Action item
Only an exact repetition is needed: the lines from the start of the listing below through the line that contains "- Wasser in", pictures omitted.
Information shown START
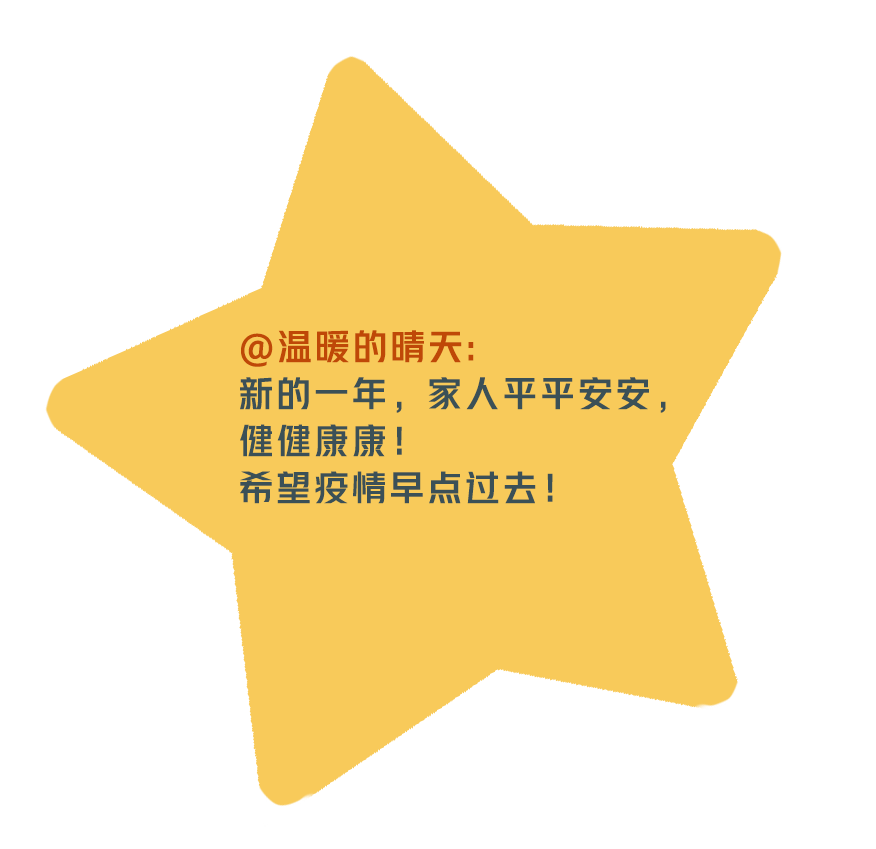@小丹丹:家人都平安健康,大家都事事顺利,顺心 @王富贵:希望大家愿望皆可成真,祝愿自己依旧脚踏实地 @日暮里:开开心心平平安安 @林夕:希望商妹儿找到男朋友
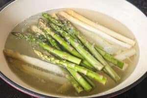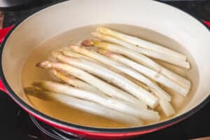 - Wasser in einen Topf geben, etwas Salz und Zucker hinzufügen und zuerst den weißen Spargel zirka 6 bis 8 Minuten je nach Dicke kochen lassen.
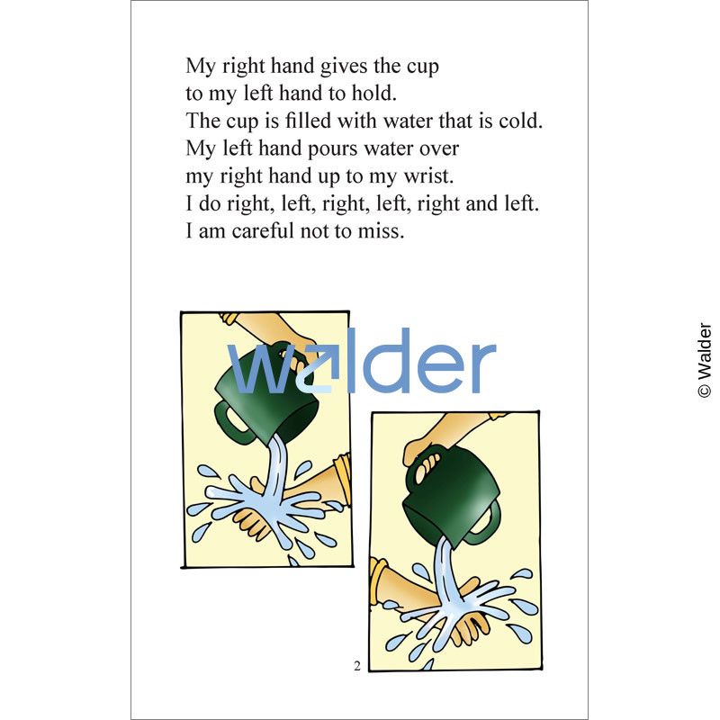 This book is part of the Alef- Beis Middos and Mitzvos Series. It introduces and describes the mitzvah of Netilas Yadayim, washing your hands, in a sweet story. With kind, lovable characters, the students can relate to them and will want to emulate their behavior.
Information shown END
Output for this task
@小丹丹:家人都平安健康,大家都事事顺利,顺心 @王富贵:希望大家愿望皆可成真,祝愿自己依旧脚踏实地 @日暮里:开开心心平平安安 @林夕:希望商妹儿找到男朋友
 - Wasser in einen Topf geben, etwas Salz und Zucker hinzufügen und zuerst den weißen Spargel zirka 6 bis 8 Minuten je nach Dicke kochen lassen.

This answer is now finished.